Canon 4K DSLR?

All 1080P is not created equal.

Neither is all 4K


I went to the C300 Demo Canon had in Burbank and got to go hands on with the 1D C and if the choice is between the C100 and the 1D C I would choose the 1D C every time...the 1D C shoots at 4K Motion JPEG which is a compressed 4K but still at twice the bit rate needed for theater projection which stores directly onto CF cards...of course you will need a 128Gb card in each slot though...
 
Ah. So, B&H now lists it at $11,999. So that puts it somewhere between the C100 and the C300 in price.
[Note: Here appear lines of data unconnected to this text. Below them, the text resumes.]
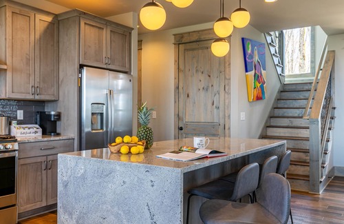 Inside, this 4 bedroom home comfortably sleeps 10 (nobody has to sleep on a sofa!). Three bedrooms each with a king sized bed and one bedroom with two sets of bunk beds. There are three full baths and one half bath. The oversized gas fireplace allows for quick, easy indoor fires. The spacious, modern kitchen with amazing views make cooking a true pleasure. Bar seating for 4, dining table for 10, and outdoor dining table give you plenty of options of where to eat. There is a second TV area with a foosball table for fun and games. Primary suite on the main floor features a TV, breathtaking views, and a huge roll in shower. Zion includes a whole-house generator - so never worry about losing power!
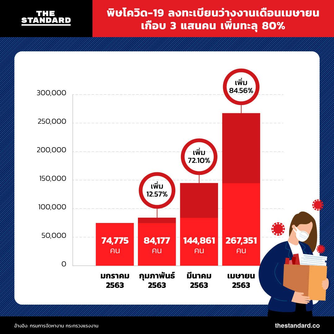 THE STANDARD ตรวจสอบข้อมูลย้อนหลังจากกรมการจัดหางาน กระทรวงแรงงาน พบว่า เดือนเมษายน 2563 มีผู้ลงทะเบียน 267,351 คน เพิ่ม 84.56% จากเดือนมีนาคม 2563 ที่มีผู้ลงทะเบียน 144,861 คน และหากดูย้อนหลังไปถึงเดือนมกราคม จะเห็นว่าตัวเลขผู้มาลงทะเบียนว่างงานเพิ่มสูงขึ้นอย่างก้าวกระโดดในเดือนมีนาคม ซึ่งมากกว่าเดือนกุมภาพันธ์ถึง 72.10%
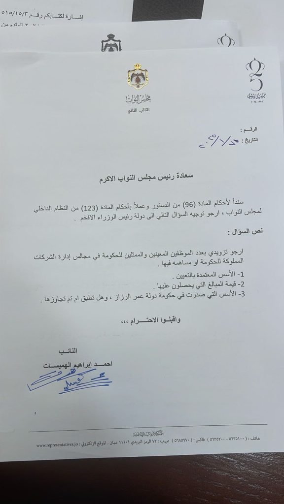 وكان النائب احمد هميسات تقدم بسؤال نيابي لدولة رئيس الوزراء يسأله عن الموظفين في مجالس إدارة الشركات المملوكة للحكومة أو مساهمة فيها، وقيمة المبالغ التي يحصلون عليها، والأسس التي صدرت في حكومة دولة عمر الرزاز وهل تطبق أم تم تجاوزها.
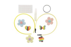 Originální sada, se kterou si děti mohou samy vytvořit krásné a jedinečné čelenky. Každé balení je malé překvapení – po otevření zjistíte, jaké barvy, ozdoby a doplňky uvnitř čekají. Výroba je jednoduchá a zábavná, takže se do ní mohou pustit děti už od 5 let. Obsah balení: 2 základní čelenky k ozdobení a různé dekorace a doplňky. Rozvíjí fantazii, kreativitu a jemnou motoriku. Vhodné jako dárek pro malé tvořivé parádnice.
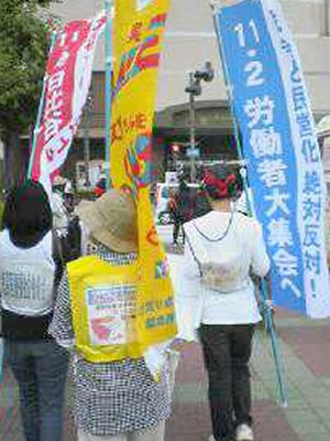 住宅明け渡し攻撃と闘う部落解放同盟全国連西郡支部、民営化絶対反対に立ち上がった八尾北医療センター労働組合、法大決戦を闘う全学連が特別アピール。国鉄労働者、自治体労働者、教育労働者、医療労働者、ス労自主などから発言が続いた。「橋下は“ダメ教師”などとわれわれを罵倒(ばとう)している。現場に怒りが満ちている」と教育労働者。民間労働者は「橋下は『民間では当たり前』と言うが、民間で橋下のような社長がいたらたたき出す!」。「橋下打倒」「1047名解雇撤回」を訴えデモを闘った。
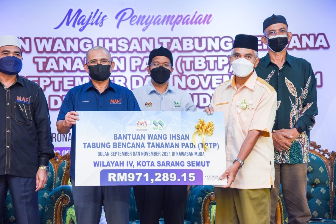 Majlis Penyampaian Bantuan Wang Ihsan Tabung Bencana Tanaman Padi (TBTP) Bulan September dan November 2021 bagi kawasan MADA semalam disempurnakan Menteri MAFI Datuk Seri Dr. Ronald Kiandee, melibatkan peruntukan sebanyak RM876 per hektar manakala bagi pokok padi yang berusia 71 hari keatas, bantuan yang diberikan adalah sebanyak RM1,800 per hektar.
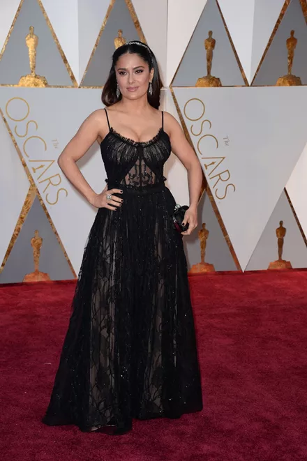 Η Salma Hayek με φόρεμα Alexander McQueen, παπούτσια Sophia Webster και κοσμήματα Fred Leighton.
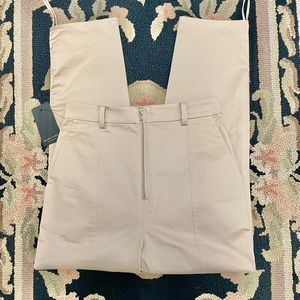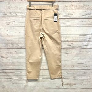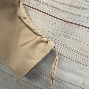 straight, slightly tapered legs with cinch/drawstring at ends/bottom
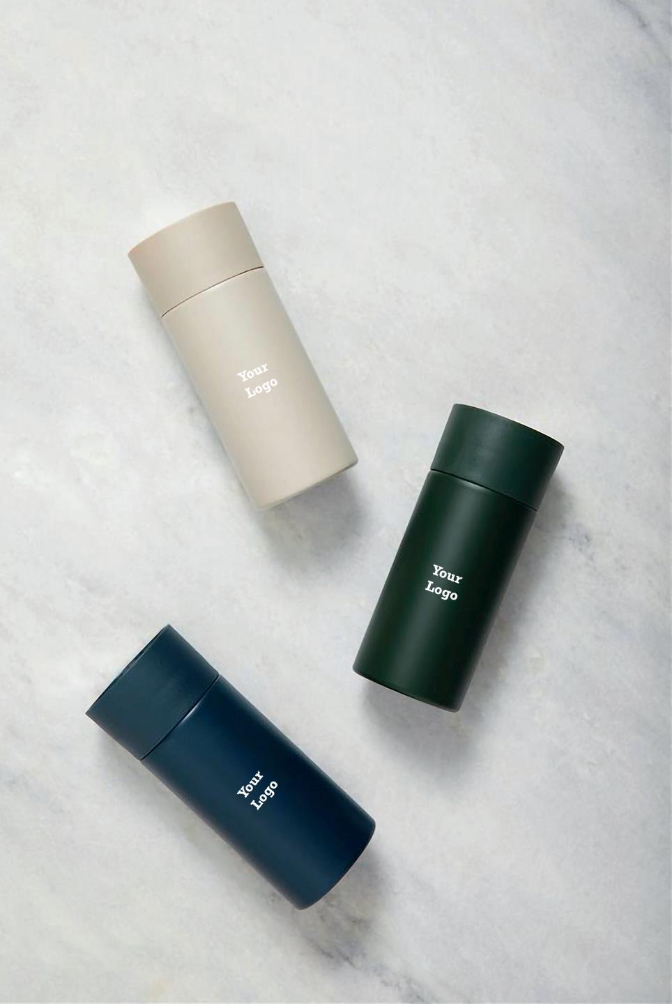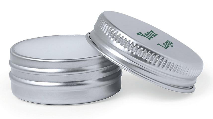 In een aluminium container met schroefdop en metallic finish.
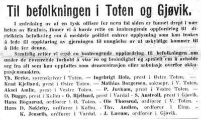 - ↑ Leif Blichfeldt: Gjøvik 1940-45 : krig, okkupasjon, frigjøring. Eget forlag 1992, side 66
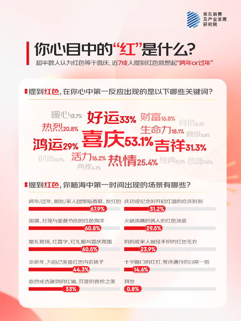 l 为什么是红色?红色在中国人的审美基因里是经久不衰的,有着浓浓的节日氛围。53.1%的人认为红色的基因是喜庆,是好运(33.0%)、是吉祥(31.3%)、是鸿运(29.0%);此外,红色还透露着热情(25.4%)、热烈(20.8%)和生命力(18.1%)。所以,超六成的人都会在跨年特意准备穿红/用红,这不仅仅是一种文化的传承,更是一种积极的心理仪式感,为新年注入信心和能量。
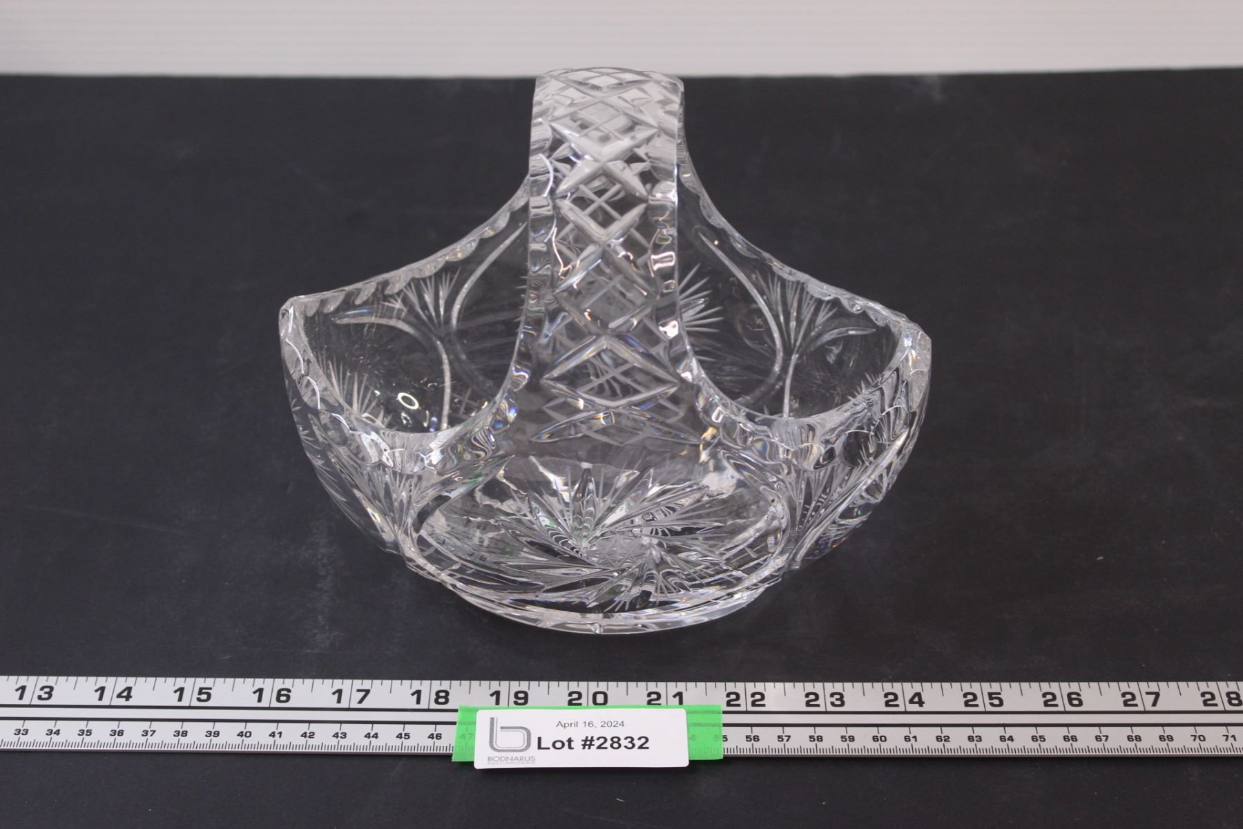 Veritable Genuine Lead crystal small Basket Pinwheel Pattern - 8" Long x 7 1/2" Tall

Attractive to anyone?

From the B&H listing:

Designed specifically for the unique demands of the motion picture industry, the EOS-1D C Camera from Canon is a breakthrough in hybrid HDSLR technology--able to record stills, 4K and Full HD video, to either two on-board CF cards or uncompressed Full HD to outboard recorders.

One of the largest benefits of having 4K video technology in a DSLR body is that it will be able to go places that other larger 4K cameras cannot, providing new ways of composing and capturing scenes. It is also compatible with the entire fleet of Canon EOS lenses already available, and perhaps already in your arsenal. If you're looking for a powerful yet versatile rig that knows what a cinematographer wants and needs, then Canon answers the call with this impressive offering.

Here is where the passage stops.